I’ve lost my train of thought. grrr

here’s the research paper on infection of the Nervus Vagus in relation to ME/CFS: http://www.pdf-archive.com/2013/06/23/vanelzakker-vnih-cfs-in-press/vanelzakker-vnih-cfs-in-press.pdf

here’s the post on infection of the endothelial cells: http://forums.phoenixrising.me/index.php?threads/what-is-the-mechanism-of-fatigue.38556/#post-616737


 pic by Mark Morcom


Don’t eat much.

  1. I preserve so much energy when I eat sensible (small portions of dense nutrient foods such as just 2 egg yokes for breakfast).
  2. Survivor Man Les Strous doesn’t find a whole lot to eat when he’s out in the wild.
  3. it’s berry time around my cabin, nature is giving! From this natural environment I get maybe 5 ripe berries a day… That’s not much.

1 + 2 + 3 = people were not made to eat all day every day. Certainly not in the portions we have at our disposal.

pic by Shannah Pace

Which is why:

4. sugar makes you fat and gives you diabetes. “Sugar” includes modern fruits, honey, wheat products, fruit juice and milk. Any amount over what you can balance on one finger will spike your blood sugar.
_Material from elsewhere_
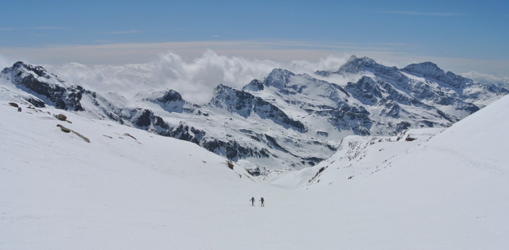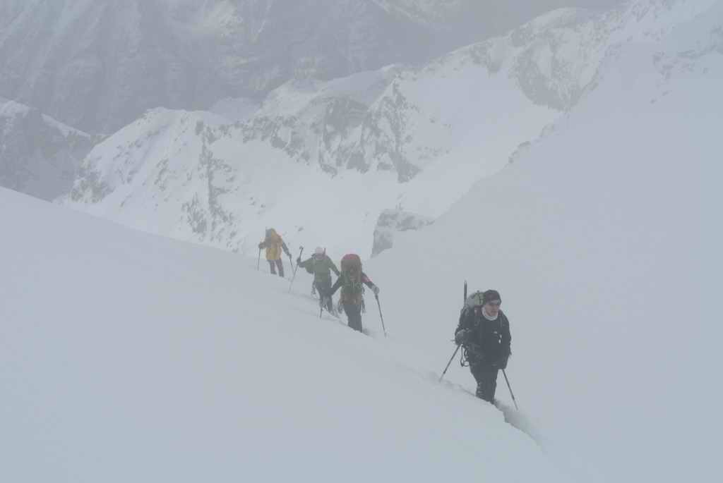 - На лыжах есть специальные крепления, которые позволяют подниматься на лыжах в гору, а вовремя спуска фиксируют ботинок, также как и обычные горнолыжные крепления. Так же нужны камуса – это такие синтетические шкуры на клеевой основе, которые крепятся на скользящую поверхность лыж и не дают лыжам проскальзывать назад на подъемах в гору. Есть и лыжные кошки, которые используются на очень твердом снежном фирне. Необходимы и специальные лыжные ботинки, где верхняя часть ботинка двигается на 60 градусов, позволяя комфортно подниматься в них, а на спуске они превращаются в прекрасные горнолыжные ботинки. Восхождения на лыжах можно совершать хоть когда, можно найти вершины и зимой и летом и в разных уголках нашей страны. Главное это иметь свободное для этого время, физическую подготовку и небольшой опыт горовосхождений.

5. when you eat more than the size of your fist (or even half that) you’ll keep wanting more. You’ve activated your insuline system. This is a biological system that’s very hard to counter with sheer willpower.

The solution is to eat small portions of dense foods. Never raise blood sugar. Never go hungry.

I imagine a hunter gatherer’s daily collection: 5 berries and a small rodent.
pic by KateKrav

What will he do all day once he’s fed?
Sit around. Enjoying the view. Relaxing. Sleeping. Socializing. Thinking things.
Pretty much what the cat does, except for the thinking.

Can it be that we’re meant to do just that? That our bodies were made for searching food and, once found, to relax? To enjoy our brain a bit but not to the extent we pummel it today, with news and coffee and career schemes and games.

It certainly feels like my body was designed for having a little food and having a little lie in.
The problem is: what to occupy the mind with?

(I suspect we have drifted away from the original use in this also. We are addicted to the mental pummeling just like we are addicted to sugar and lots of food.)